Brachyloma djerral
- Conservation status: Priority Three — Poorly Known Taxa (DEC)

Scientific classification
- Kingdom: Plantae
- Clade: Tracheophytes
- Clade: Angiosperms
- Clade: Eudicots
- Clade: Asterids
- Order: Ericales
- Family: Ericaceae
- Genus: Brachyloma
- Species: B. djerral
- Binomial name: Brachyloma djerral Cranfield & Hislop

= Brachyloma djerral =

- Genus: Brachyloma
- Species: djerral
- Authority: Cranfield & Hislop
- Conservation status: P3

Species of plant

Brachyloma djerral is a species of flowering plant in the family Ericaceae and is endemic to a small area in the west of Western Australia. It is an erect, compact shrub with narrowly egg-shaped to narrowly elliptic leaves and red, tube-shaped flowers.

==Description==
Brachyloma djerral is an erect, compact shrub that usually grows to 1.2 m high and wide and has many stems arising from its base. The leaves are narrowly egg-shaped with the narrower end towards the base to narrowly elliptic, 4.0–7.0 mm long and 1.4–2.4 mm wide on a petiole 0.4–1 mm long, with a sharply-pointed tip. The leaves are glabrous and the lower surface is paler than the upper surface. The flowers are arranged singly in leaf axils with bracts, and bracteoles 1.0–1.8 mm long at the base. The sepals are egg-shaped, 2.0–2.4 mm long and 1.5–2.2 mm wide. The petals are red, and joined to form a tube 3.2–4.5 mm long with egg-shaped lobes 1.8–2.7 mm long.
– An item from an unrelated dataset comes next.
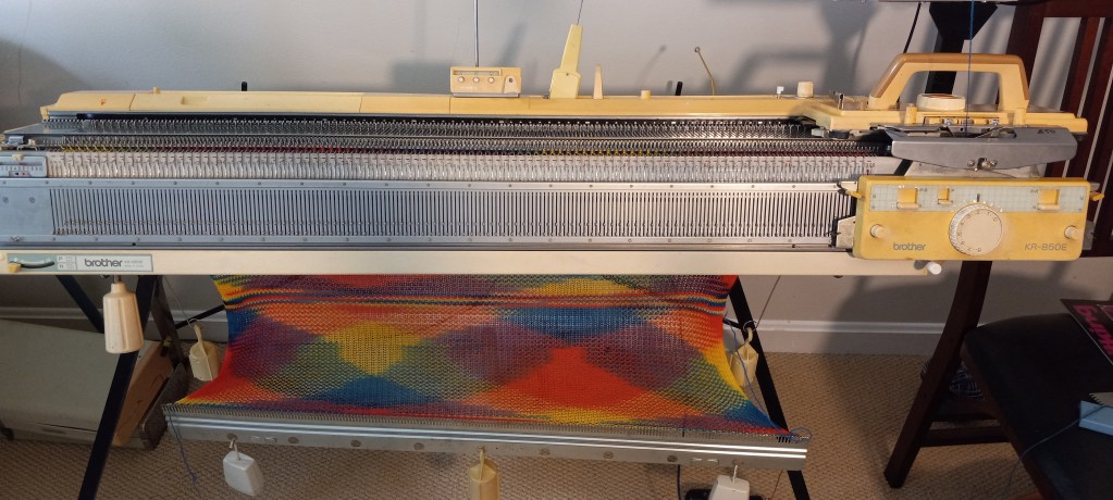 To ensure that all functions of the carriage work well, I first knitted a swatch (with a pretty thick yarn – two strands of 50 g/150 m (1.76 oz/109 yards) per skein- all went well (watch the vidhttps://youtu.be/ANFTFSCiwqseo).

Flowering time varies with seasonal conditions, but mainly between May and July, and the fruit is a spherical drupe 3–6 mm long and 5.0–7.5 mm wide.

==Taxonomy and naming==
Brachyloma djerral was first formally described 2017 by Raymond Cranfield and Michael Hislop in the journal Nuytsia from specimens collected north-east of Kalbarri in 2005. The specific epithet (djerral) is a Noongar word meaning "the north", referring to the distribution of this species.

==Distribution==
This species of shrub grows in low, open woodland and heath in a small area near and to the east and north-east of Kalbarri, in the Geraldton Sandplains and Yalgoo bioregions of south-western Western Australia.

==Conservation status==
Brachyloma djerral is listed as "Priority Three" by the Western Australian Government Department of Biodiversity, Conservation and Attractions, meaning that it is poorly known and known from only a few locations but is not under imminent threat.